Chez Multiburo sont proposés un open space de coworking, des bureaux réservés et des salles de réunions (ici à Toulouse). (Crédits : Multiburo)
Système d'abonnement, services innovants ou encore ouverture à l'international : Multiburo, IWG et WeWork ont chacun opté pour des stratégies opposées pour s'imposer dans le secteur du coworking.

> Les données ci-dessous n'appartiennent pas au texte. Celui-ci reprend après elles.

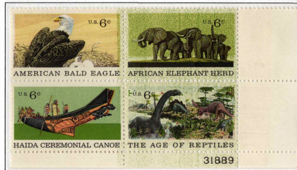
Odd inking problem.

FREAKS and ODDITIES are mistakes that happen during production of postage stamps, such as color shifts, inking problems and mis-perforations.

Multiburo est une PME lyonnaise, dont le modèle est fondé sur l'abonnement et un taux de présence. « Si l'espace est plein et ne permet plus à une personne qui arrive de trouver une place, nous ouvrons toujours une salle de réunion pour ne pas laisser la personne sans espace de travail », explique sa directrice générale, Stéphanie Auxenfans. Dans chacun de ses immeubles sont en effet toujours proposés un open space de coworking, des bureaux réservés et des salles de réunion. En matière de bureaux partagés, l'abonnement ne court que pour un mois. « C'est une grande liberté pour l'entrepreneur mais aussi pour nous, car cela offre une grande fluidité business », assure la DG. L'entreprise, qui vient d'ouvrir 2.200 m² à Saint-Lazare, mise beaucoup sur les gares, « un tropisme qu'[elle] cultive tant la SNCF les transforme en lieux de vie ». Dès 2004, elle a même installé son siège avec ses 25 collaborateurs au sein de ses 2 700 mètres carrés situés gare de Lyon.

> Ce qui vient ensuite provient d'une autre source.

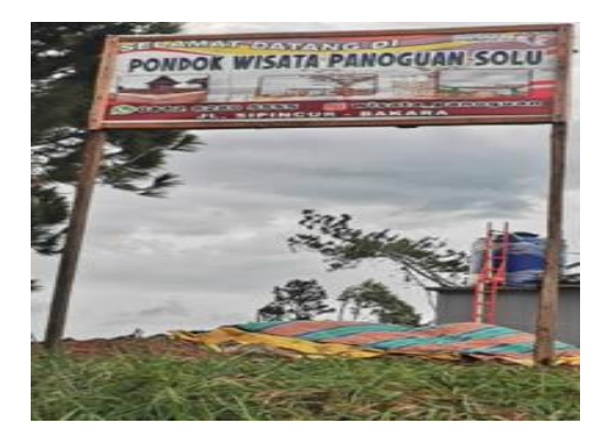
Figure 5. Panoguon solu

Destination location tour This is in the Village Parulahon, District Lintongnihuta. Destinations This located at a height 330-2075 meters on surface sea. Destinations This stand since December 23 2019 built by Tumpak Sihombing and distance about 2km from Geosite Sipinsur. Panoguan Solu means withdrawal boat from top (the peak in question here is place tour this) to bottom (lake toba).
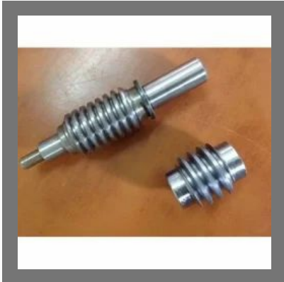
Gear Worm Shaft
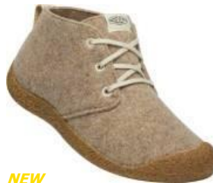
NEW Men's 1026806 Taupe Felt/Birch
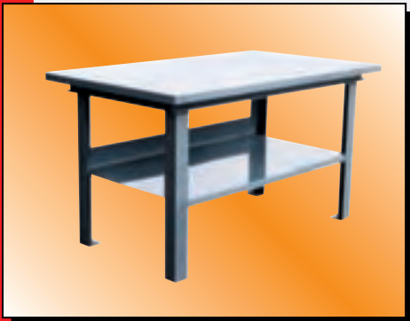
Model WF Shown
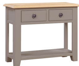
CONSOLE TABLE 2 DRAWERS | NWXF P14 L850mm x W340mm x H685mm
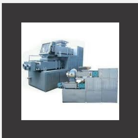
Single Worm Duplex Vacuum Plodder

IWG, de son côté, se décline en trois marques pour « s'adresser à différents publics » : Regus, Spaces et Stop & Work, qui proposent du bureau permanent, du coworking et des salles de réunion. Être adhérent à l'un permet en outre d'accéder gratuitement aux deux autres. La multinationale peut également se targuer d'un réseau national et international qui lui permet, selon le DG de Regus France, Christophe Burckart, de « stimuler l'efficacité des entreprises avec lesquelles nous travaillons ». De même, en liant petites et grandes sociétés dans ses espaces, elle dit « accélérer leur développement » des deux côtés. De fait, cette approche lui permet de « s'assurer de solides rendements » et de « générer de la valeur à long terme » pour ses actionnaires. Si elle compte déjà plus de 117 sites en France, elle va ouvrir, en janvier, 18.000 m² de coworking, soit, d'après ses dires, le plus grand espace d'Europe.

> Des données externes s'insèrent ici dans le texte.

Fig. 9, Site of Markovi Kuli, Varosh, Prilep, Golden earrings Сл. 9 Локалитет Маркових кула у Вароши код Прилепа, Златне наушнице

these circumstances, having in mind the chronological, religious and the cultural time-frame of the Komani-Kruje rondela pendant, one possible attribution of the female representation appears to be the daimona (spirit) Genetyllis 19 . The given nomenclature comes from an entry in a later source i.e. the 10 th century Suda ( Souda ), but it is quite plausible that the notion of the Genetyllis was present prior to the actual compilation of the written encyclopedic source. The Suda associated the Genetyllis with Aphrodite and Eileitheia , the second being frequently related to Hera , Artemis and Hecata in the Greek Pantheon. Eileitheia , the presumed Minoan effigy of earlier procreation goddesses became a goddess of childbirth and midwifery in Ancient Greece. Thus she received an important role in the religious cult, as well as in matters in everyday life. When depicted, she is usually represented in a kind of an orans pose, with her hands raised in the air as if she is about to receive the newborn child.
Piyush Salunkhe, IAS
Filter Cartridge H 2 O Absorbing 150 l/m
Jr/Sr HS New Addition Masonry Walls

Chez WeWork France, aussi incroyable que cela puisse paraître, « on ne se définit pas comme une société de coworking », déclare sa directrice générale Audrey Barbier-Litvak. Le bureau partagé, dit aussi « plug and play », ne représente en effet que 1 à 3% de ses surfaces. Les bureaux dédiés, qui restent les mêmes en permanence et où l'on peut laisser un écran, un ordinateur, un manteau, occupent, eux, un petit 1%. Les 97% restants sont en effet des bureaux privés derrière des cloisons. Le matériel et le mobilier (bureau, chaise, Internet, prise) sont fournis. Les abonnements durent au minimum un mois. Bientôt, la géante américaine déploiera un service qui n'existe qu'aux États-Unis pour l'instant : l'office management. Concrètement, elle conseillera les entreprises en matière de mélange de salariés ou d'optimisation de l'espace occupé, pouvant par exemple proposer du flex office.